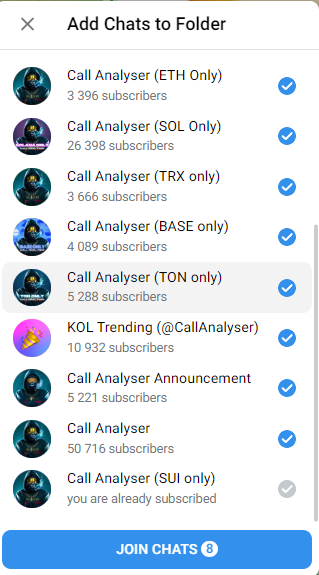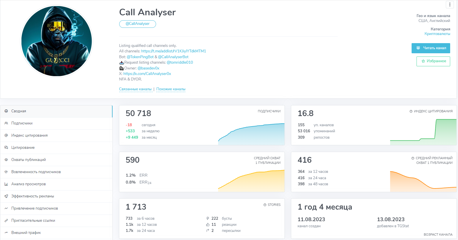 Среди телеграм проектов, Call Analyser принадлежат общие и типизированные каналы:
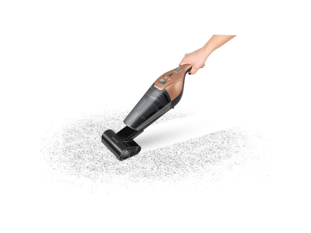 Stiskem jednoho tlačítka lze jednoduše odejmout ruční jednotku, která je spolu s výměnným příslušenstvím dokonalým pomocníkem pro čištění prachu z nábytku nebo interiéru auta.
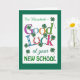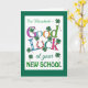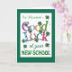 A Good Luck at New School greeting card to personalise, with brightly coloured lettering, four-leaf clovers and a horseshoe for luck! A text-based,
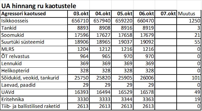 Operatiiv- ja sõjaga seotud info 06. oktoobril
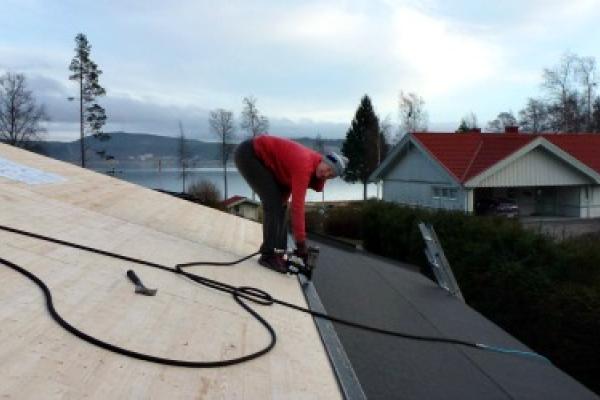 Med taket på plats är det luftspalter och tätning på gång innan vi kan få in lösullen.
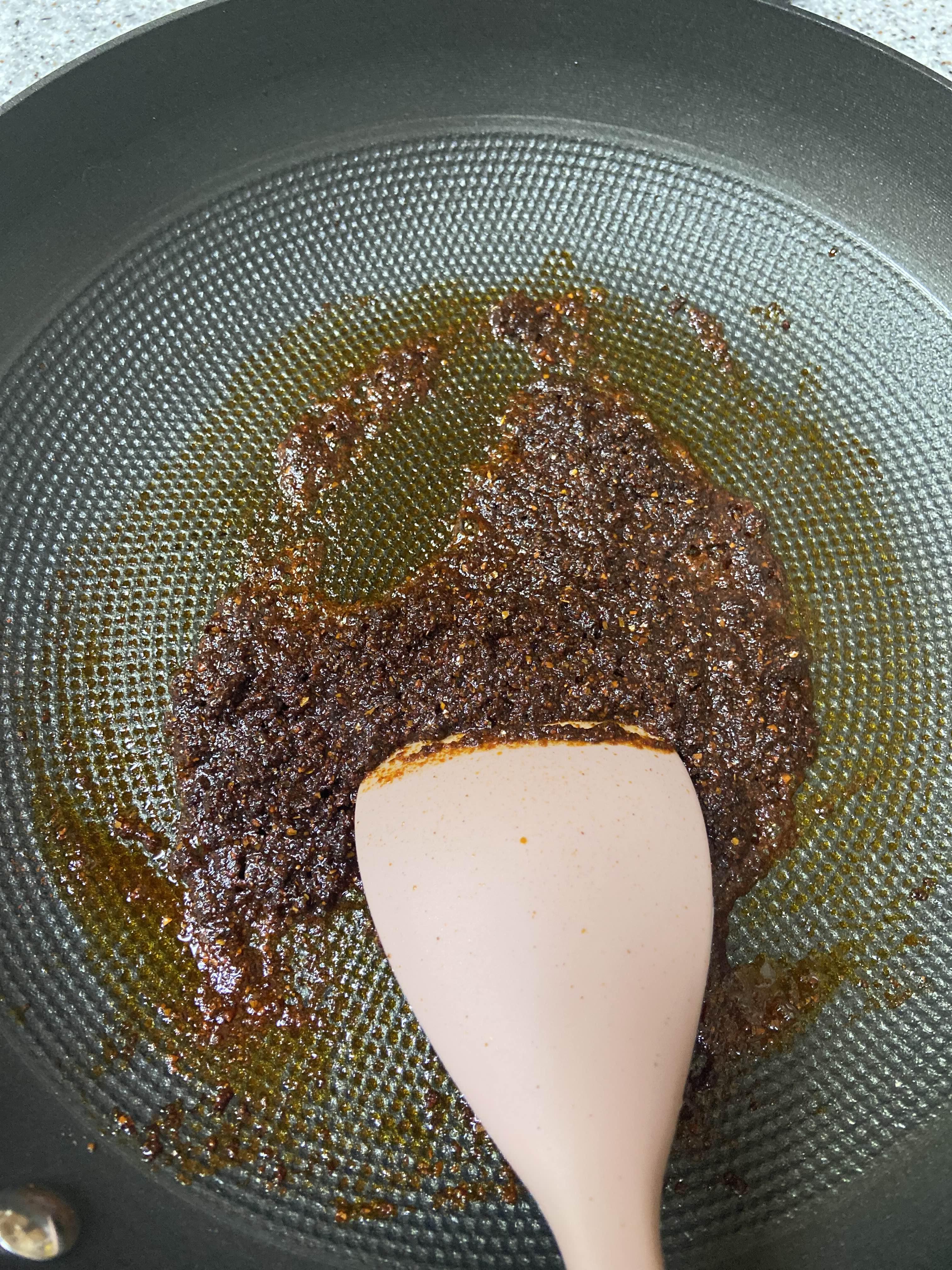 1. 팬에 올리브유를 두바퀴정도 두르고 고춧가루 5스푼을 넣고 볶는다. 볶다가 간장 한스푼을 넣고 다시 볶는다. 여기에서 약불로 고춧가루가 타지 않게 볶도록 주의해야한다. 나는 팬 색이 어두워서 타는 줄 모르고 볶아버려서 탄 맛이 났다. 기름을 너무 많이 넣으면 나처럼 되지만 기름을 적당히 넣으면 보슬보슬하게 볶아진다.
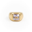Bague en or jaune 750 millièmes (18 carats). sertie d’une améthyste taille coussin carré. d’environ 6.10 cts. largeur sur le dessus: 1.60 cm. tour de doigt: 54. poids total: 28.31 g. poinçon tête d'aigle. excellent état
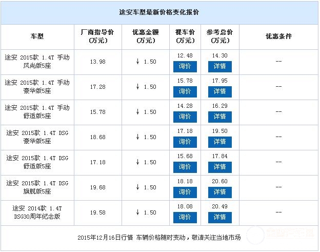 近日,申湘上海大众星沙众兴店内途安现车销售,颜色可选,目前购车部分车型可优惠1.50万元送装饰,感兴趣的朋友可以到店咨询购买,详情见下表:
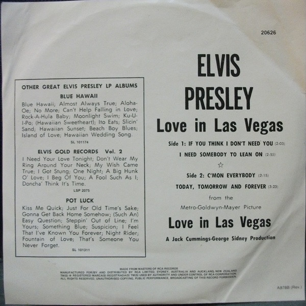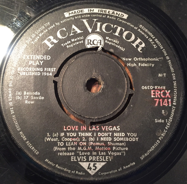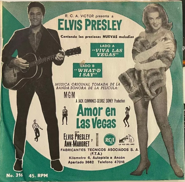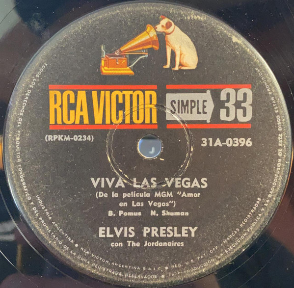 Label: RCA Victor – 31A-0396 Format: Vinyl, 7", 33 ⅓ RPM, Single Country: Argentina Record Company – RCA Victor Argentina S.A.I.C. Both sides: (from the MGM motion picture release "Amor En Las Vegas") Matrix / Runout (Side A Label): RPKM-0234 |
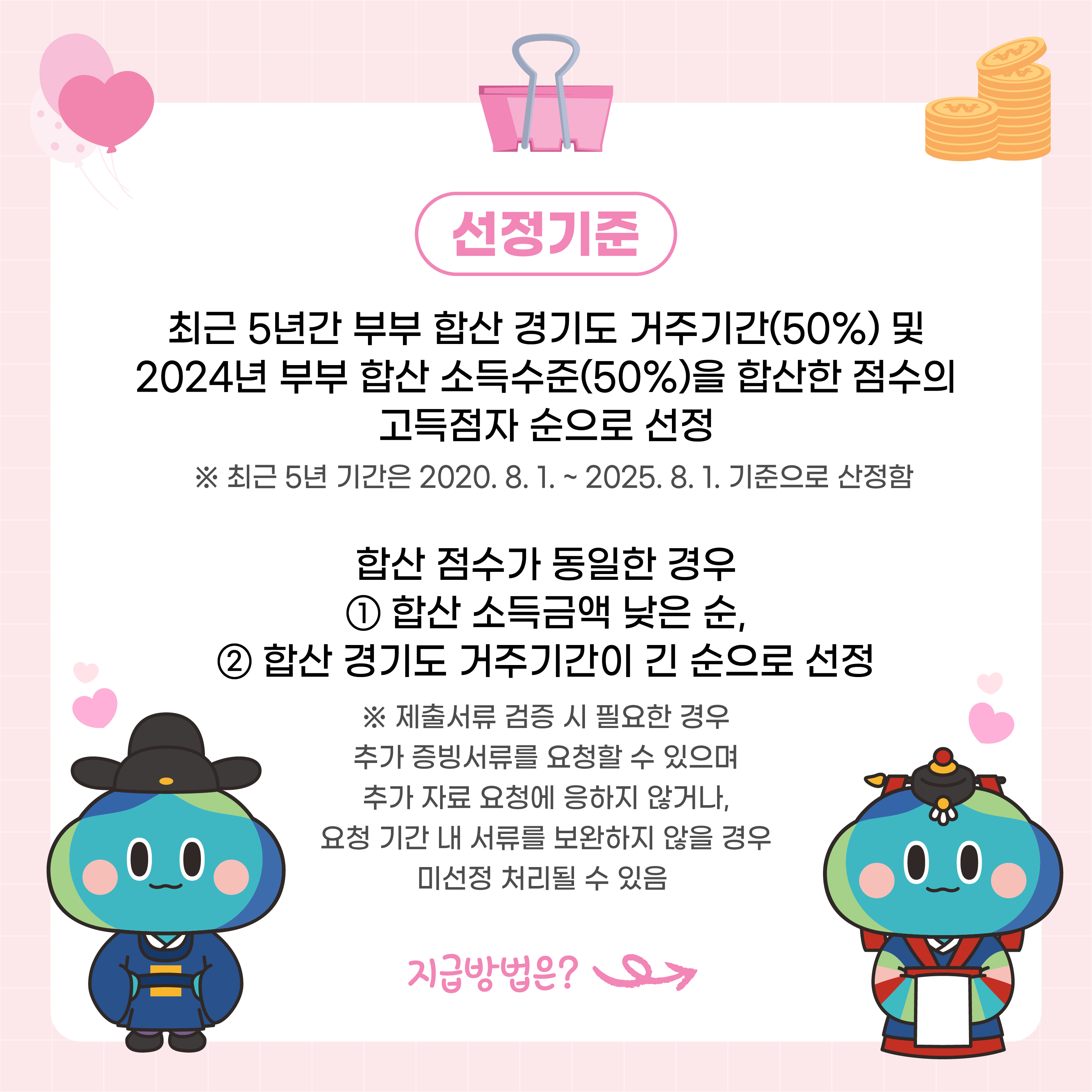 마. 선정기준 : 최근 5년간 부부 합산 경기도 거주기간(50%) 및 2024년 부부 합산 소득수준(50%)을 합산한 점수의 고득점자 순으로 선정

-=-=-

Exercise requirements:
What is needed is a word-for-word copy of the lines from the start of the data to the line with "Stiskem jednoho tlačítka", inclusive, with no pictures in it.

Result of this exercise:
 Среди телеграм проектов, Call Analyser принадлежат общие и типизированные каналы:
 Stiskem jednoho tlačítka lze jednoduše odejmout ruční jednotku, která je spolu s výměnným příslušenstvím dokonalým pomocníkem pro čištění prachu z nábytku nebo interiéru auta.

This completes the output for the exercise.